_Task item_
Quote word for word the lines below, beginning with the first and ending with the one that has "8. 如图12-18是友谊商". Drop the pictures.

_Given data_
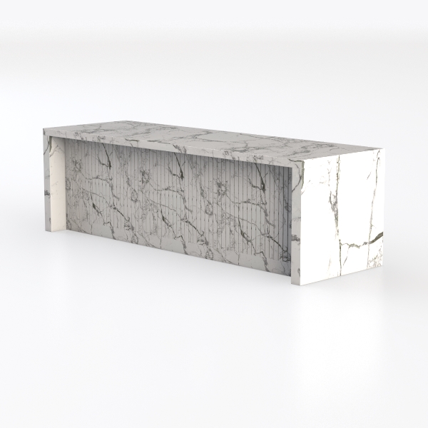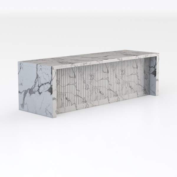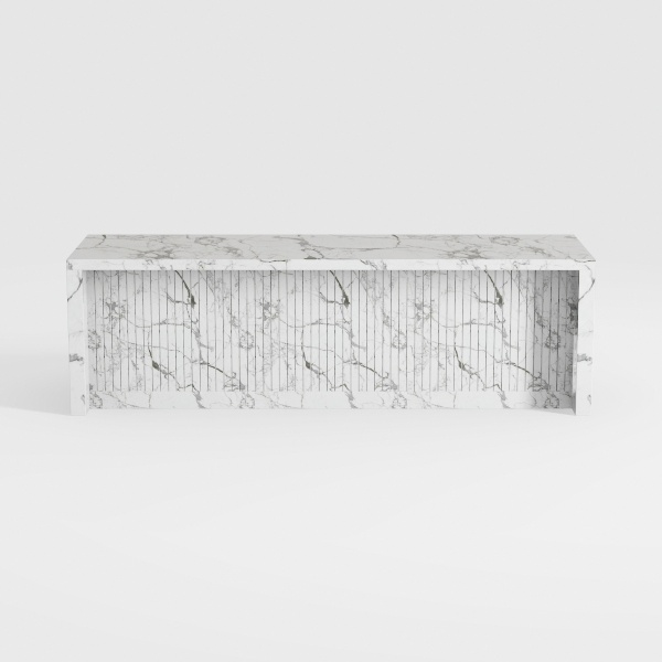 Inspired by the organic patterns of natural marble, it blends geometric precision with soft, flowing lines. The smooth, cool surface feels luxurious to the touch, with striking gray veining adding depth and sophistication. Perfect for modern minimalist or contemporary living rooms, pairing beautifully with sleek metal accents and warm wood tones. A practical yet elegant piece, its clean lines and ample space offer display and storage, enhancing both form and function.
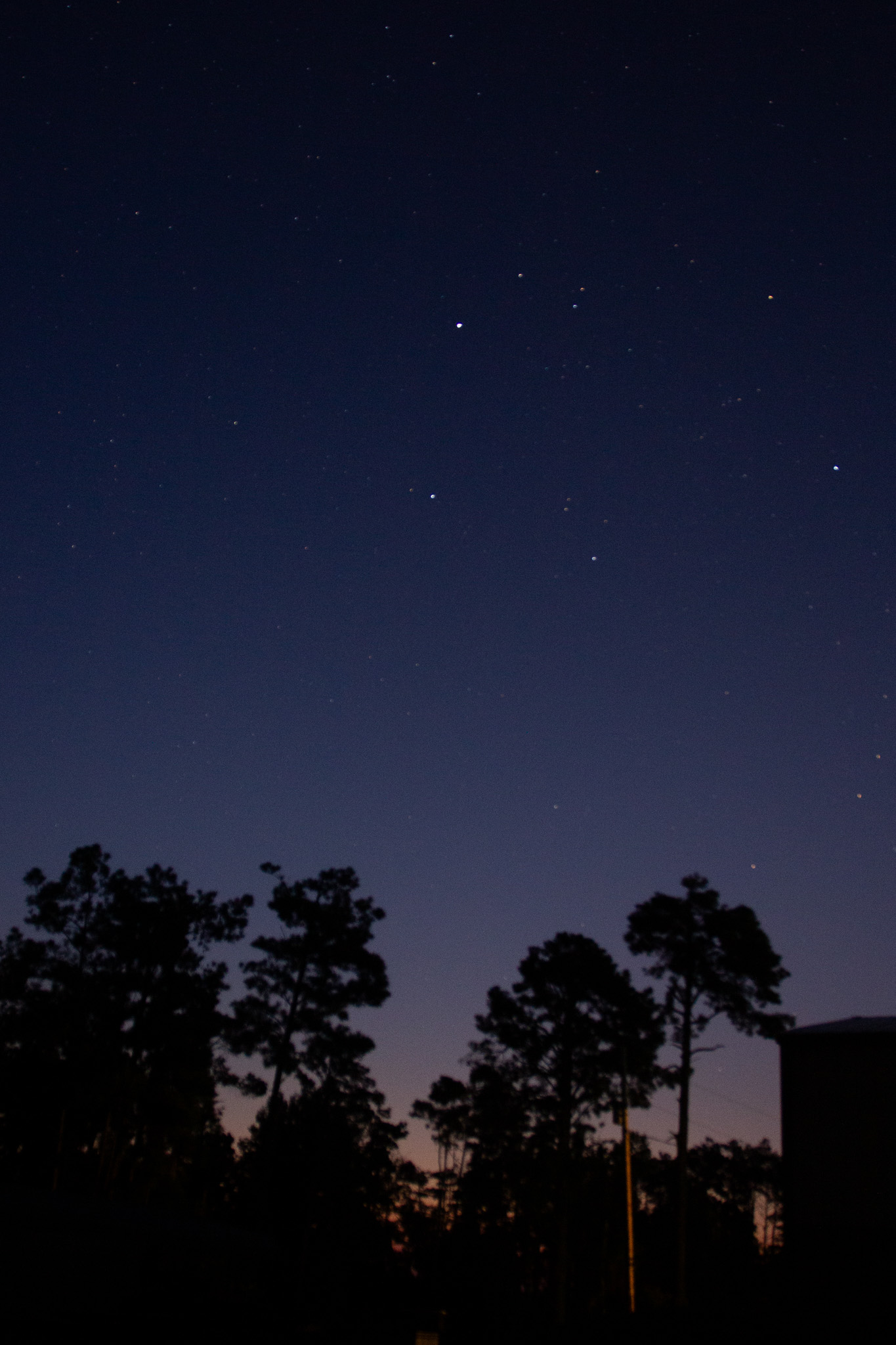 It’s been while since I’ve attempted any kid of night sky photography. The other morning as I was l leaving early to go walk (gotta beat the heat) I spotted a clear view of the stars across my backyard so I grabbed my camera and tripod to get a picture of the stars before the sun arose.
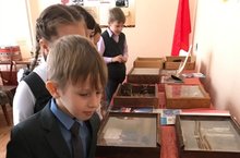 Руководитель школьного музея Сидорова О.Н проводит для учащихся школы обзорную экскурсию по музею. На этот раз гостями стали ученики 1 классов. Ребята умеют задавать вопросы.,их интерес вызвал материал о нашем первом директоре школы
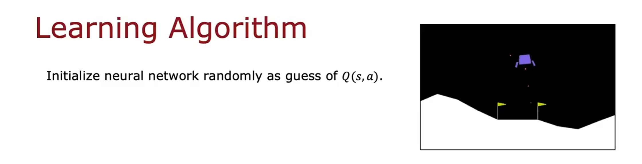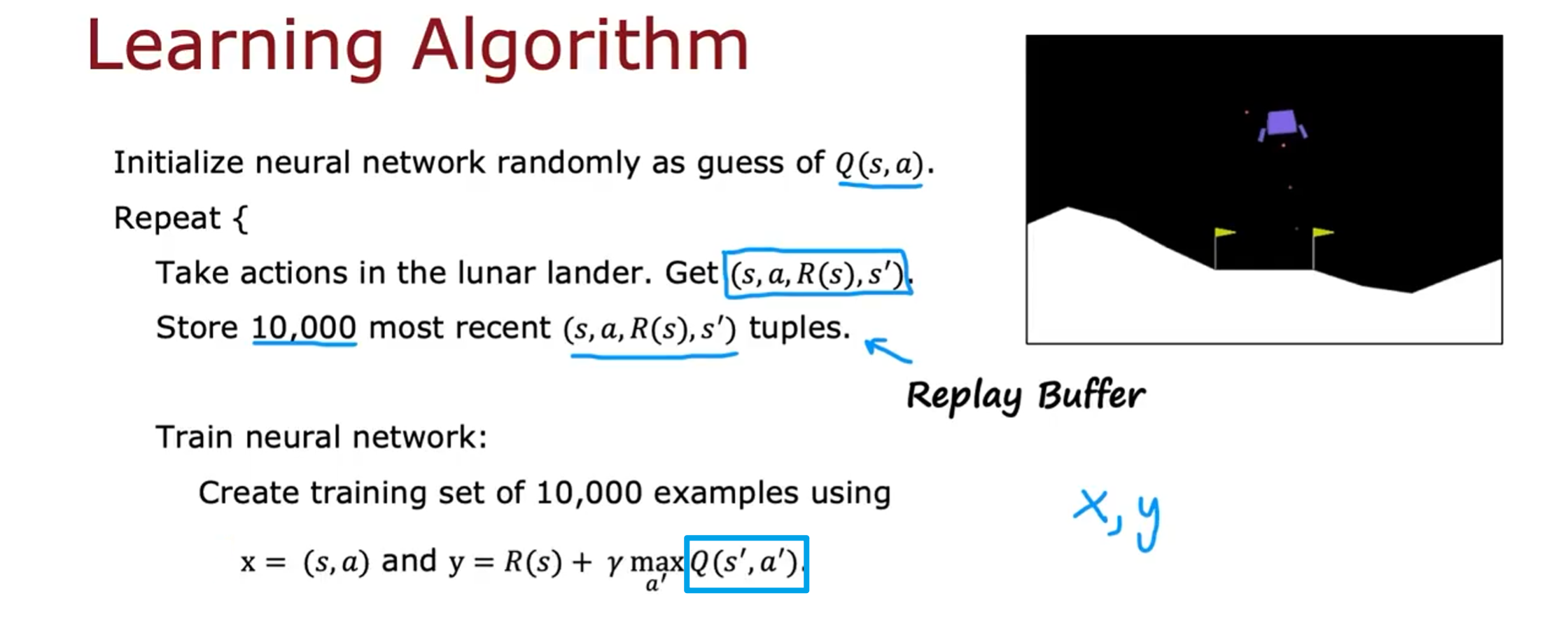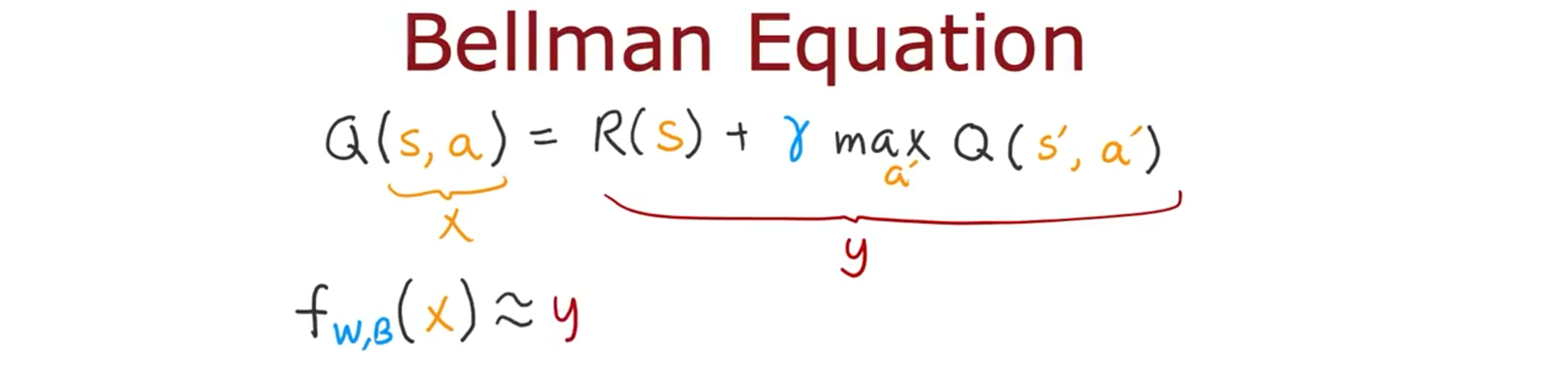 方法是使用贝尔曼方程来创建包含大量示例×和y的训练集,然后我们使用监督学习,就像神经网络时所学的一样。使用监督学习,利用神经网络学习从x到y的映射,即从状态动作对到目标值Q的映射。
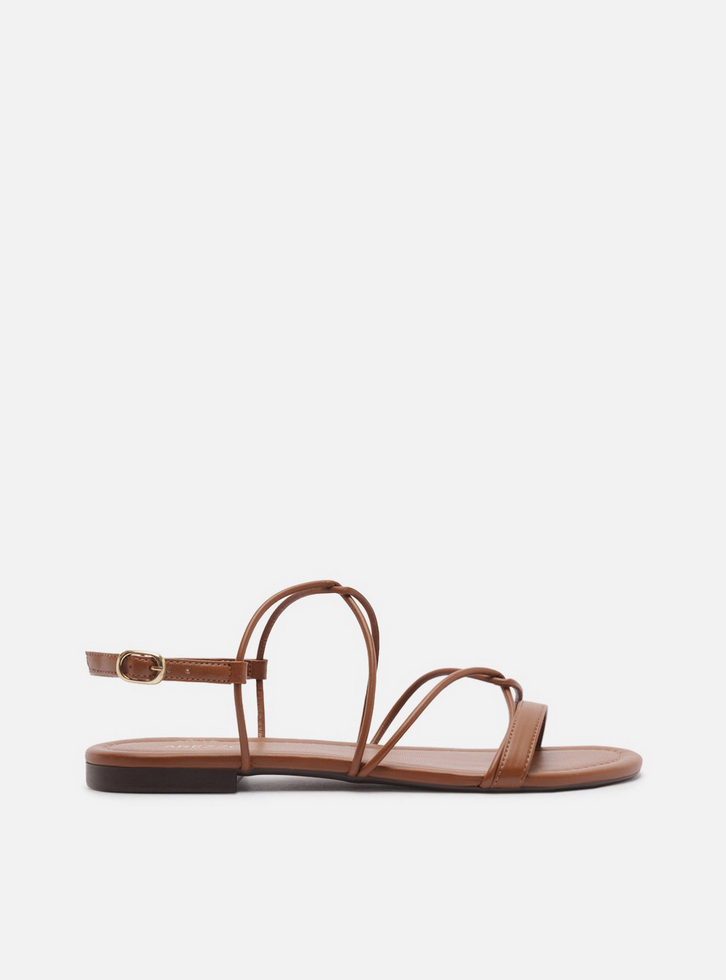 Sandália rasteira marrom. O sapato tem sola flat e formato arredondado na ponta. Traz tiras finas sobre a parte superior do pé e os dedos, cruzadas no centro e presas por enlace. Possui tira sobre os dedos e tira afivelada em torno do calcanhar. Aberta, a sandália exibe todo o pé.
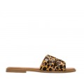 Dale un toque salvaje y sofisticado a tu look con esta sandalia plana de piel Vilma de Porronet, con diseño de pala en 'H' y estampado de leopardo en pelo natural. Los detalles de tachuelas metálicas añaden un aire de tendencia y personalidad.
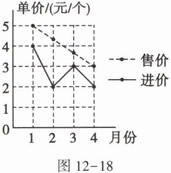 8. 如图12-18是友谊商场某商品1~4月份单个的进价和售价的折线统计图,则售出该商品单个利润最大的是______月份。
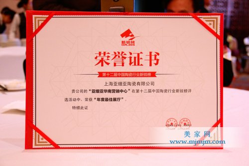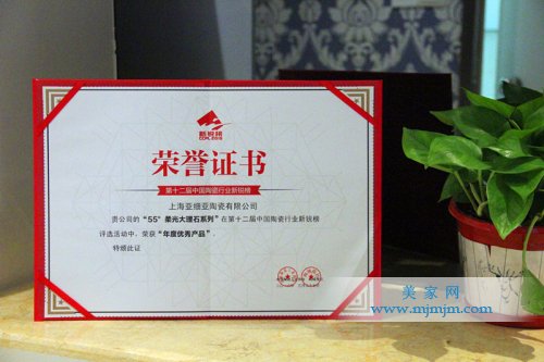 作為陶業成立最早的企業之一,亞細亞磁磚43年的創新和積淀,可謂有目共睹,從第一片立體藝術磁磚到第一片一次燒內墻磚再到第一片55°柔光大理石,還有亞細亞華南首家磁磚藝術體驗中心,亞細亞引領了一個又一個風潮。亞細亞負責人表示,此次獲得年度最佳展廳和年度優秀產品的嘉獎,是行業權威機構對亞細亞的肯定,亞細亞人也深受鼓舞,在未來一定會繼續為行業、為消費者帶來更多更好的產品和體驗。(通訊員:章程)
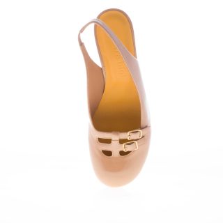 Scarpa slingback modello realizzata in pelle verniciata beige scuro mousse con doppio mini-cinturino e fibbiette sulla punta tonda. Chiusura slingback con cinturino elasticizzato. Suola in cuoio con inserto antiscivolo. Tacco 3,5 cm
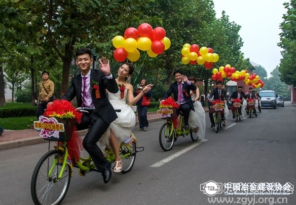 国庆节前夕,邯钢10对新人以低碳环保的青年集体婚礼方式,缔结美好姻缘。他们骑上双人自行车,身体力行倡导低碳环保理念,传承中华民族勤俭节约的传统美德。据悉,1992年以来,邯钢已为千余对新人举办集体婚礼。集体婚礼,被邯钢青工热捧。 邯钢集团 吴兆军 刘 兵 翟忠智 摄影报道
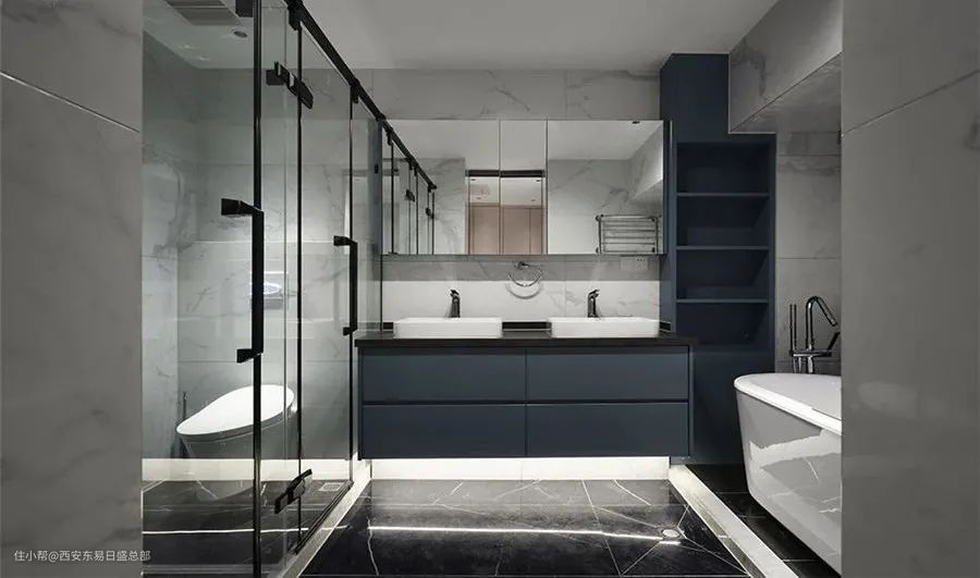 ②主卫墙体拆除,增加储物功能,同时节省空间的浪费让主卫内的功能更加齐全;

_Written response_
 Inspired by the organic patterns of natural marble, it blends geometric precision with soft, flowing lines. The smooth, cool surface feels luxurious to the touch, with striking gray veining adding depth and sophistication. Perfect for modern minimalist or contemporary living rooms, pairing beautifully with sleek metal accents and warm wood tones. A practical yet elegant piece, its clean lines and ample space offer display and storage, enhancing both form and function.
 It’s been while since I’ve attempted any kid of night sky photography. The other morning as I was l leaving early to go walk (gotta beat the heat) I spotted a clear view of the stars across my backyard so I grabbed my camera and tripod to get a picture of the stars before the sun arose.
 Руководитель школьного музея Сидорова О.Н проводит для учащихся школы обзорную экскурсию по музею. На этот раз гостями стали ученики 1 классов. Ребята умеют задавать вопросы.,их интерес вызвал материал о нашем первом директоре школы
 方法是使用贝尔曼方程来创建包含大量示例×和y的训练集,然后我们使用监督学习,就像神经网络时所学的一样。使用监督学习,利用神经网络学习从x到y的映射,即从状态动作对到目标值Q的映射。
 Sandália rasteira marrom. O sapato tem sola flat e formato arredondado na ponta. Traz tiras finas sobre a parte superior do pé e os dedos, cruzadas no centro e presas por enlace. Possui tira sobre os dedos e tira afivelada em torno do calcanhar. Aberta, a sandália exibe todo o pé.
 Dale un toque salvaje y sofisticado a tu look con esta sandalia plana de piel Vilma de Porronet, con diseño de pala en 'H' y estampado de leopardo en pelo natural. Los detalles de tachuelas metálicas añaden un aire de tendencia y personalidad.
 8. 如图12-18是友谊商场某商品1~4月份单个的进价和售价的折线统计图,则售出该商品单个利润最大的是______月份。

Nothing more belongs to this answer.